Before using the model for forecasting, we first evaluate the model's predictive performance. Model accuracy is generally determined using the mean absolute percentage error (MAPE), and root mean square error (RMSE), mean squared error (MSE), and mean absolute error (MAE). In addition, the goodness of fit (GOF) and explained variance score (EVS) are also commonly used to measure the strengths and weaknesses of forecasting methods. A combination of different parameters should be considered to measure the accuracy of the model’s prediction performance, to ensure an effective modelling outcome.

Analysis of the results

Spatial and temporal evolutionary characteristics of urban air quality in China.

Annual analysis of air quality

The first step is to describe the overall distribution characteristics and trends of the daily average AQI values and the concentration values of the six major pollutants CO, NO2, O3, PM10, PM2.5, and SO2 for Chinese cities from 2014 to 2022. Table 1 and Online Resource 1 show the results of the time-series change analysis of these data.

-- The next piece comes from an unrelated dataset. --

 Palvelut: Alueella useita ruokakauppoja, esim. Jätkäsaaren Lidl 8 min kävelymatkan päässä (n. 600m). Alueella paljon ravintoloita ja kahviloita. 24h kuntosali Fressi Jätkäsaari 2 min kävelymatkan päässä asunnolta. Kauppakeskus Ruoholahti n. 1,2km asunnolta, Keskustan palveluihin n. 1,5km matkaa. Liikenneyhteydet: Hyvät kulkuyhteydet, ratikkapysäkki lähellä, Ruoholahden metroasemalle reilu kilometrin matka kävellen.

The charts visually indicate that the AQI, CO, NO2, O3, PM10, PM2.5, and SO2 data have relatively similar distribution characteristics, with significant fluctuations. Time trends significantly influence the series and indicate that the seasons influence the cyclical fluctuation trend. The AQI in 2021 decreased by 26.75% compared to 2015, while the reduction was 22.1% between 2016 and 2021; the specific figures are listed in Table 1. The other six primary pollution concentrations also decreased year by year.

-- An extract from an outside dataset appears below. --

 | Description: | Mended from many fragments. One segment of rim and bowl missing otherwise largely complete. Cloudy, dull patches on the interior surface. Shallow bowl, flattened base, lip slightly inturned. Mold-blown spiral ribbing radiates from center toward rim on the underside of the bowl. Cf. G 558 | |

Table 1 Overall national annual air quality from 2014 to 2022.

Table 2 shows the classified daily air quality by grade according to the year. The urban air quality in China hit an “Excellent” level at the following percentages of days in the sequential nine years from 2014 through 2022: 75.00%, 78.97%, 82.24%, 83.74%, 86.73%, 88.67%, 91.41%, 91.36%, and 92.42%, respectively. This indicates an increasing trend year-by-year. The percentages of days exhibiting heavy and serious pollution for the same nine sequential years are 2.46%, 2.97%, 2.48%, 2.21%, 2.02%, 1.601%, 1.115%, 1.37%, and 0.98%, respectively. This shows a decreasing trend year-by-year. In general, the air quality of most cities is rated Excellent, followed by Good, with only a certain proportion of days reporting light pollution. There are even fewer days classified as having moderate pollution or above. Although the proportion of days with air pollution in Chinese cities has been decreasing in recent years, the proportion is not small, and air pollution still should be actively managed and controlled.

Table 2 National overall air quality pollution levels from 2014 to 2022 (N = 1,050,590 data points).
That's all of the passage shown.